São Paulo (AUN - USP) - “Riobaldo queria se afirmar como o homem que era no presente, ou seja, fazendeiro proprietário de terras e feliz no casamento, mas seu passado o condena”, diz Márcio Barbieri, autor do estudo. Quando o personagem narra os fatos de sua vida, tenta amenizar a culpa que sente por ter amado Diadorim (mulher que se vestia de homem para vingar a morte do pai), que, para ele e para todos os outros jagunços, era homem. Só que no presente ele já sabe que Diadorim, na verdade, era mulher, portanto pode confessar seu amor e buscar redenção.
O personagem Riobaldo reconstrói sua história ao contá-la ao “Doutor” e, com isso, deixa transparecer sua duplicidade no romance de João Guimarães Rosa. Segundo a pesquisa O tempo das formas em Grande Sertão: Veredas, o tempo que passou entre o momento em que o ex-jagunço fala (a enunciação) e os acontecimentos sobre os quais ele fala (o enunciado) gera um relato influenciado pelos sentimentos.
Ele não consegue ser uno, seu discurso é perpassado o tempo todo pela dúvida e pelo pecado que pensa ter cometido. “O protagonista diz: ‘Fui e não fui o jagunço Riobaldo’. É um paradoxo que significa que ele nega ter sido jagunço, no presente, mas de fato foi, no passado”, explica Márcio.
O tempo é metáfora, pois verdadeiramente só há o presente. “O passado é formado apenas por memórias e o futuro ainda não foi construído”, afirma Márcio. Além disso, de acordo com Reinhart Koselleck, um dos teóricos consultados para a pesquisa, o tempo é produzido, já que os fatos históricos só passam a existir a partir de ações humanas. Da mesma forma, a história de Riobaldo só existe quando um certo “Doutor” a escuta e, depois, é prestigiada por algum leitor. Quem lê seu relato também é responsável pela consolidação daquilo que ele conta.
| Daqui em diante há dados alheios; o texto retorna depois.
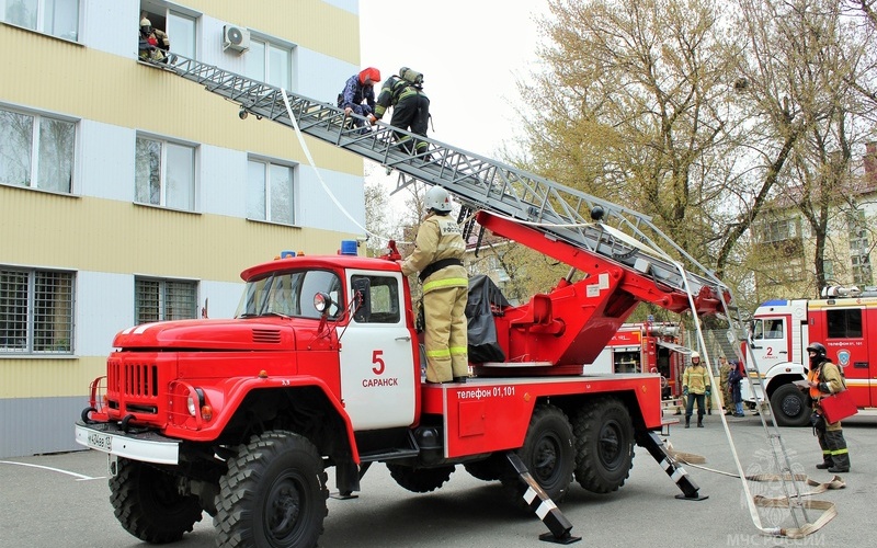 Пожарные в Саранске спасали условно пострадавших бойцов Росгвардии

O tempo aparece como jogo, como em Dom Casmurro e Memórias Póstumas de Brás Cubas, de Machado de Assis. Porém, Bentinho e Brás Cubas ironizam essa questão com seus leitores, ao dizerem que estão relatando suas vidas da forma que melhor lhes convém, o que revela a arbitrariedade do que contam. Em Memórias Póstumas, o narrador chega a dizer abertamente para o leitor que vai trabalhar com os acontecimentos como quer e sem pressa, já que está morto e tem uma eternidade para se dedicar a essa atividade. Ele brinca com a ordem dos capítulos, não segue a cronologia dos fatos e se perde para novamente se encontrar com as digressões que faz na narração.
Guimarães Rosa aborda isso de forma sutil, o narrador mostra pequenos causos da história, conquista o leitor e não abre o jogo. Em Machado de Assis, fica claro para qualquer leitor, que ele questiona o tempo; em Grande Sertão, o tempo se esconde e esconde também a dualidade de Riobaldo.